This is a ROS package designed and created by Felix Toft and Joshua Riefman for the Fall 2024 ENPH353 autonomous machine learning robot competition. This package consists of all of the nodes, UI, and TensorFlow models used to control our robot during competition in which we achieved a nearly flawless score.
The competition took place inside of ROS Gazebo. The challenge was to build an entirely autonomous robot to proceed through a simulated environment (in Gazebo) to solve a murder. As the robot progressed through the environment on its own, it would need to identify and read clues off of boards, whilst avoiding obstacles and not getting lost. This year, teams were allowed to create their own robots instead of using a default car: we decided to use a drone and fly.
For our robot, we adapted the Hector Quadrotor open-source ROS package(s) developed by Team Hector at the Technical University of Darmstadt in Germany, which researches and produces search and rescue robots. Specifically, we adapted their drone control and physics suite, but we injected our own sensors, models, and developed our own localization and navigation suite.
At a high level, we used visual SLAM for localization (using absolute coordinates was forbbiden was it trivialized the challenge of the competition) using a pre-trained map and had the drone fly from clueboard to clueboard and read clues by feeding images through a letter extraction pipeline which fed into a convolutional neural network for letter identification.
We can express the high-level structure of our robot’s control as a block diagram.
Our Robot UI node, while having the initial purpose of displaying a helpful interface from which we could debug and observe the robot’s progress, had its role expanded into a high-level executor, managing the launch and lifetime of nearly all of the ROS nodes used. This served a single purpose and executed it perfectly: all logs went to the same place, meaning only one terminal window must be observed to see everything going on.
Our design philosophy was to have rather granular nodes which have a single purpose.

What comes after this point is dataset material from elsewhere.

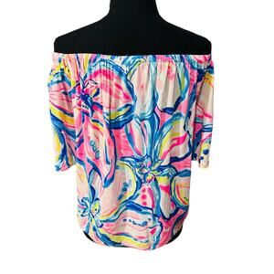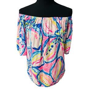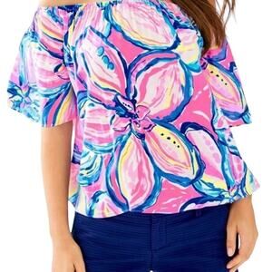 Lilly Pulitzer Off The Shoulder Sain Top in Pink Sunset - Size Small

Master: An additional layer of high-level orchestration was accomplished with a Master node, with a rather limited but critical role. Simply, the master node orchestrated the process of going to a clueboard, telling the Brain node to read it when we should be able to see it properly, then going to the next clueboard, and so on.Navigation: Based on the Master node’s command, the Navigation node uses PID in a control loop to navigate to a waypoint.Control: The Control node fuses an altitude request from the Master node and a velocity request from the Navigation node into a single Twist which it publishes to the Hector Quadrotor physics suite.Brain: The Brain node, upon receiving the command to try to read a clueboard from the Master node, will extract the clueboard, extract the letters, recognize the letters, and finally send the read clue to the score tracker.Odometry: The odometry node’s job was to subscribe to velocity sensor topics and estimate position based on velocity data.SLAM: The SLAM node was launched at startup from a launch file, and not managed by the UI, and would handle map generation or loading, localization, and transform publishing.